IMG_98432017- 2-12 VOL.190

【概要】

    業界屈指の戦略コンサルティングファーム、マッキンゼー。
本書は、同ファーム内の独立シンクタンクであるMGI(マッキンゼー・グローバル・インスティテュート)のディレクターたちによる近未来予測本です。

  本書が凡百の未来予測本と異なるのは、全世界にちらばる同ファームのコンサルタントが、日々クライアント企業や政府機関との議論の中で得たさまざまなミクロの洞察の積み重ねをベースにしていること。
そこへ学術的なデータを重ね合わせることで、より説得力ある内容にまとめあげられています。

  10章から構成される本書。
前半4章は ①経済の重心の移動 ②テクノロジー・インパクト ③地球規模の老化 ④「流れ」の高まり という本書副題ともなっている4つの破壊的な力について取り上げています。

  後半6章では、この4つの破壊的な力の影響から生じる、解決すべき6つの課題として ①巨大な中間層の出現 ②資源価格の変動 ③資本コストの上昇 ④労働力需給のミスマッチ ⑤新たな競合の出現・競争ルールの変化 ⑥国家政策 を掲げています。
 
  なかなかボリュームのある一冊ですが、マクロな具体的事例が多く盛り込まれていることから、比較的読み易い構成となっています。


【所感】

  本書で繰り返し出てくるキーワードは「直感のリセット」。

  現実の変化は、我々の想像や常識を優に追い越してしまっており、我々が過去の経験から蓄積された直感に基づいて意思決定をしてしまうと、かなりの確率で間違う可能性が高いのだと警鐘を鳴らしています。

   本書の目的は、大きな変化の潮流の中で、これからの10年間に求められる経営の要件を明らかにすることにあります。その提示される要件には、しばしば我々の過去の考え方にはそぐわないものも散見します。
 そのそぐわなさの認識こそ、我々の「直感のリセット」を促すものであり、著者たちの意図もそこにあるのではないかと感じました。

  興味深いテーマの多い本書ですが、個人的に期待して読んだのは、後半④の労働力需給のミスマッチについて触れた章でしょうか。

    近年、特に先進国では経済回復が雇用増、給与増に結び付かない現象が顕著に起こり始めています。
それは我が国でも顕著。成熟経済下では、就業機会の増加は、複雑な問題解決型の「インタラクション」業務であり、同じルーチンを繰り返す生産及び定型「トランザクション」業務ではありません。

  問題解決といった高度なスキルを持つ人材が不足する一方、低スキル人材は就業機会が不足する傾向はより高まりますが、かといって身につけたスキルもすぐに陳腐化をしてしまう時代ゆえに、このギャップ解消は非常に困難を極めるように思います。
  事実、本書では新しい人材源の確保、技術の見直し、職務を分解し互いに訓練をすること、教育に積極的に関わることなどを提唱していますが、どれも決定力には欠き、本章末でも結局は不断の教育の継続と各種スキル維持が必要だとまとめているに過ぎませんでした。

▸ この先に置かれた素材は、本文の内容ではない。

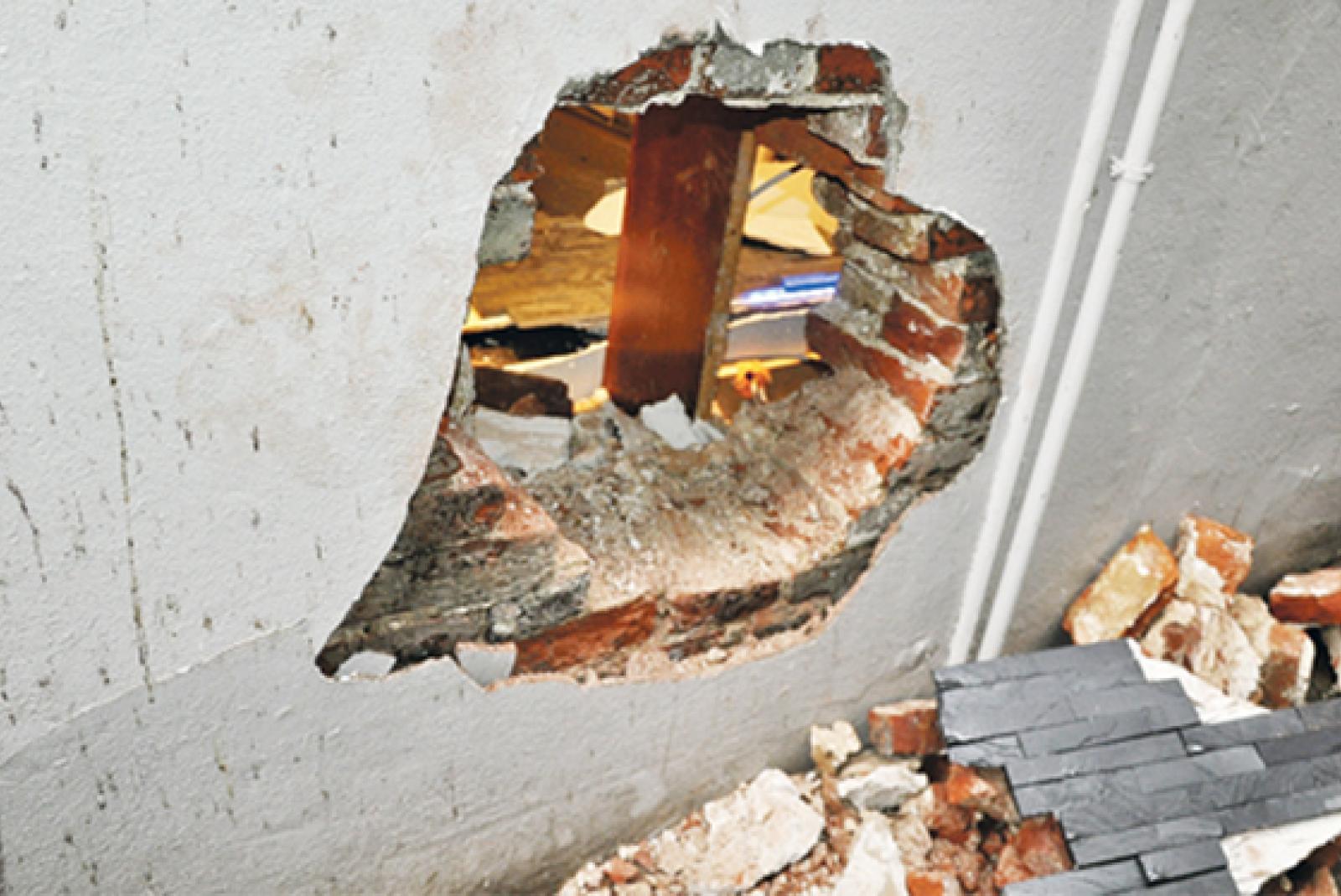 Wie im Film: Die Täter schlugen ein Loch in die Außenwand des Geschäfts. © Foto: privat
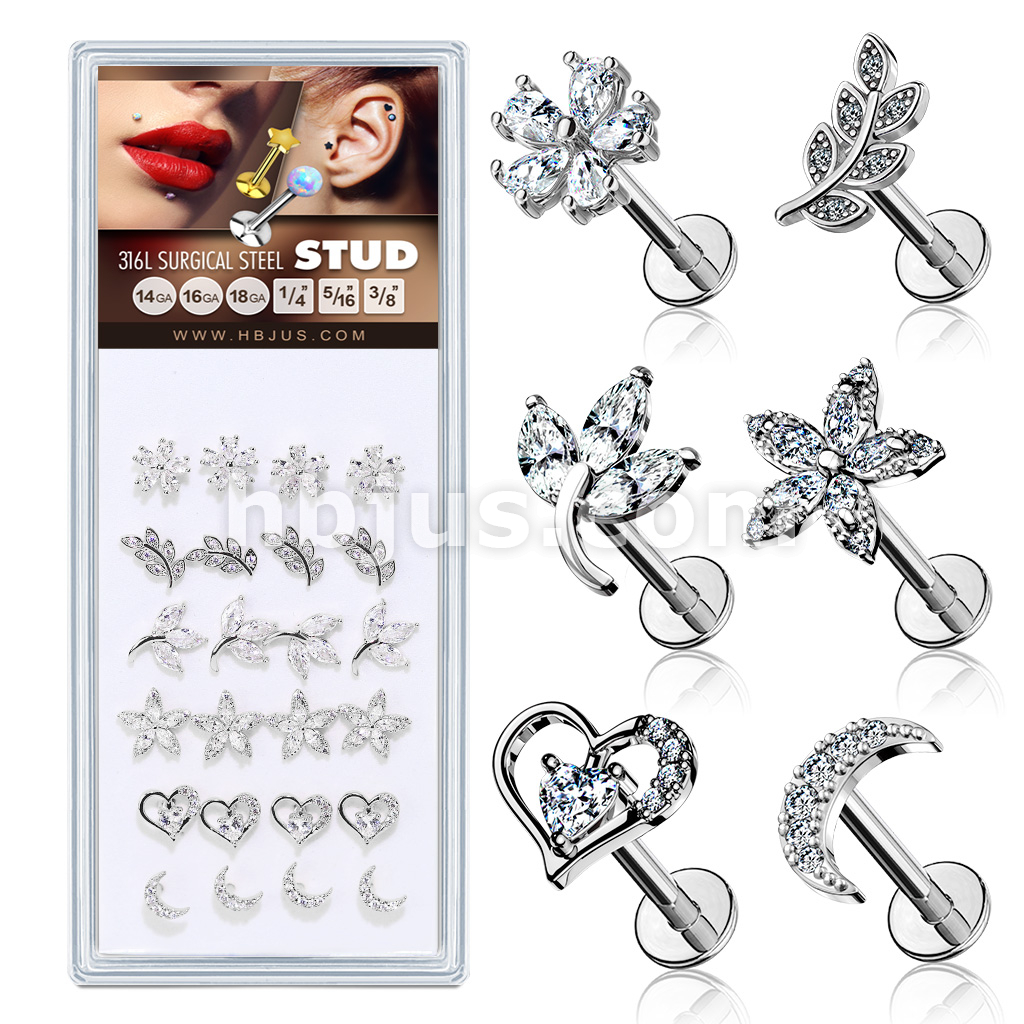 24 Pcs Pre Loaded Box of Assorted Styles with CZs 316L Surgical Steel Internally Threaded Labrets, Monroe, and Cartilage Studs Pack
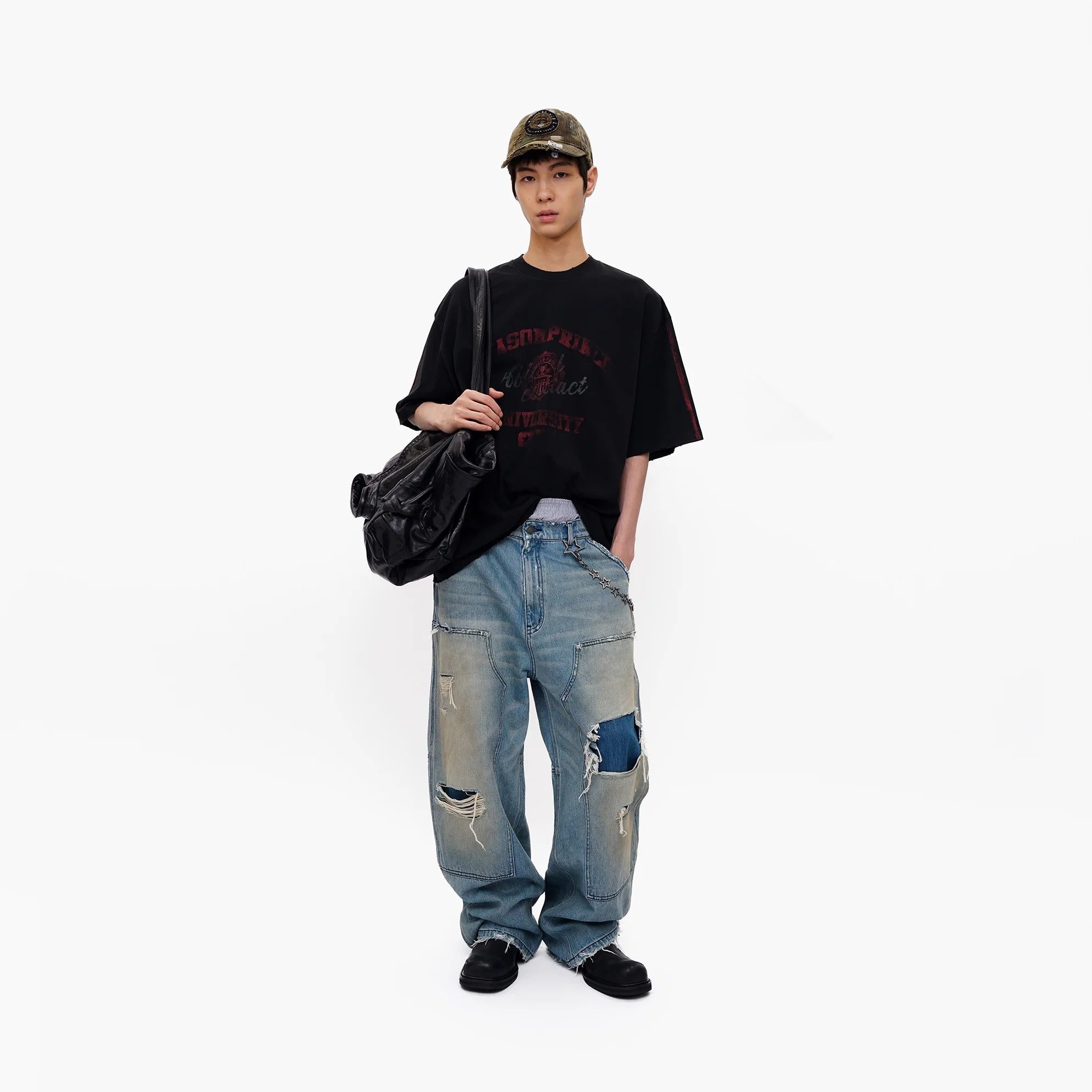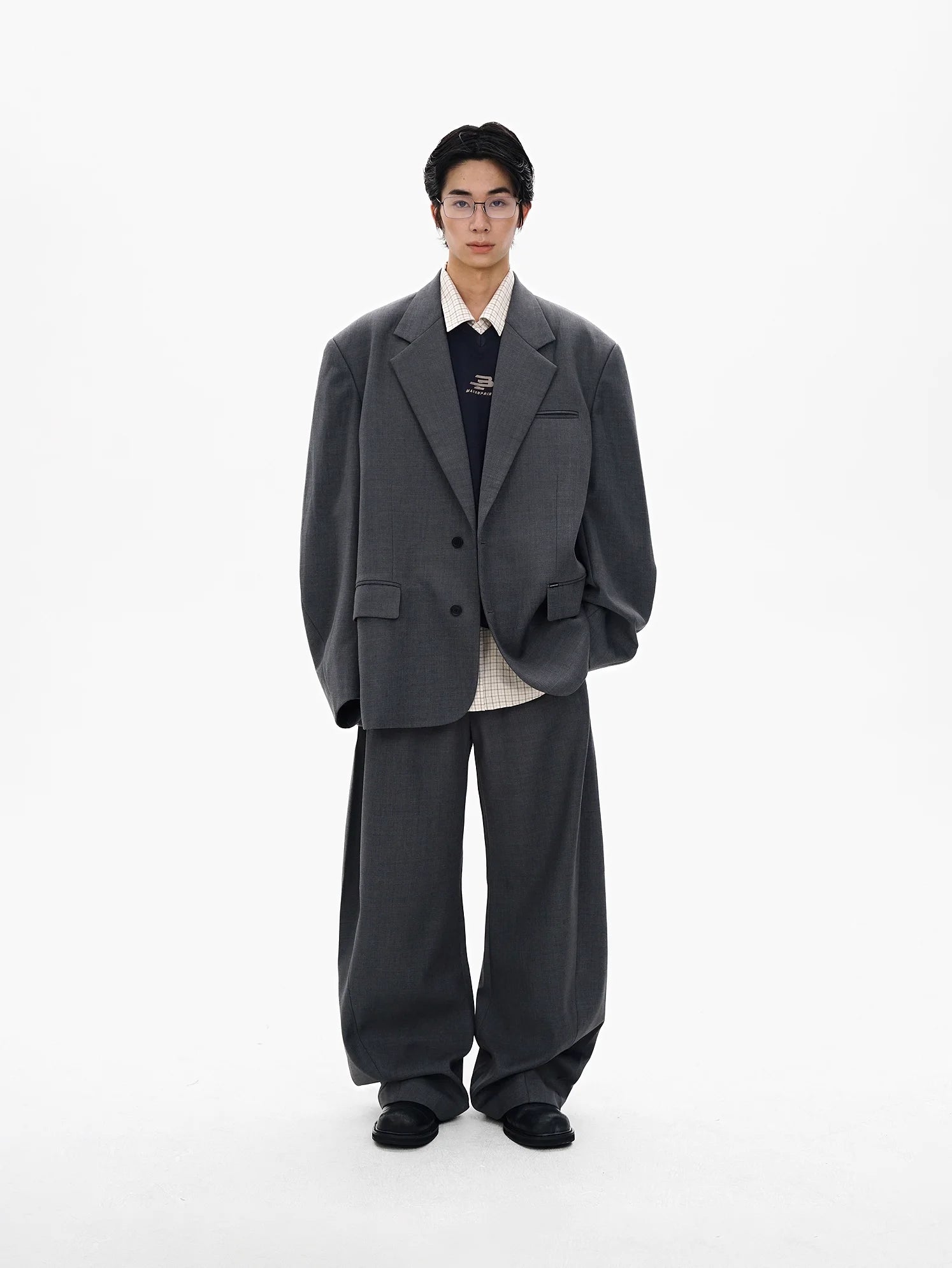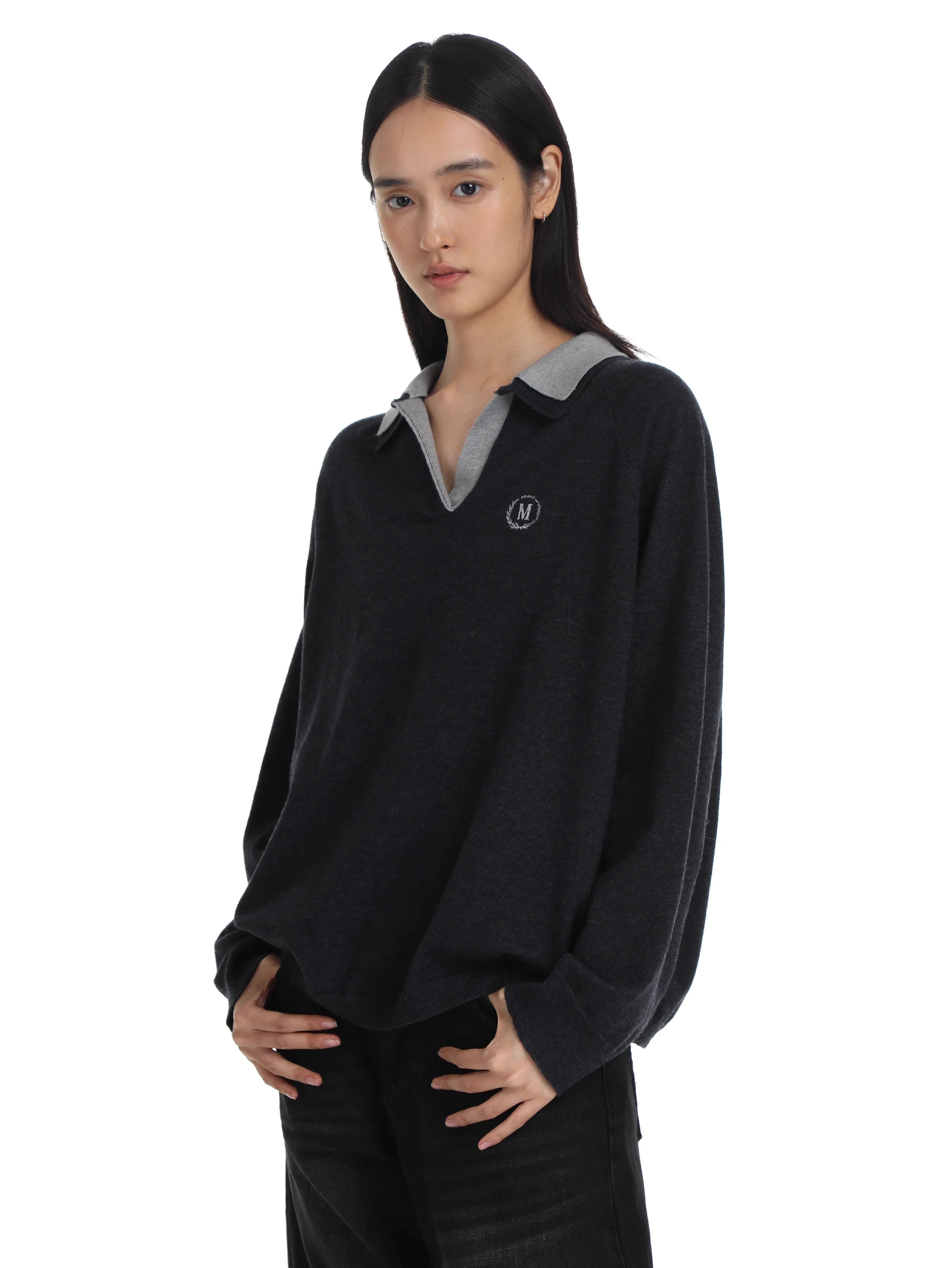 Black Contrast Dark Gray Short Sleeve Loose Fit

  実は他の章において提示された課題についても、本書は明確な解決策をあたえてくれるものではありません。
事実とその解釈を提示する中で、我々自身の考え方を柔軟にし、既存の枠にとらわれない発想や行動の必要性を繰り返し問うているというのは先ほどお伝えしたとおりです。

   とはいえ、それが本書の価値を貶めていることはなく、大いに刺激を受けることは間違いなしの一冊。
今後のビジネス潮流を知る上では、経営者を含めビジネスパーソン必読の書というのも、納得の内容です。
 
  さて本書に登場する、様々な破壊的トレンドを読んでも、悲観することなく、楽観主義でいることが大切だと巻末で著者達は述べています。
(過去の経験則、自身の習慣や価値観が揺らぐ)感情(悲観論になりがち)を乗り越えることこそ「直感のリセット」であり、結局は楽観主義が時代を制するのだからと結ばれています。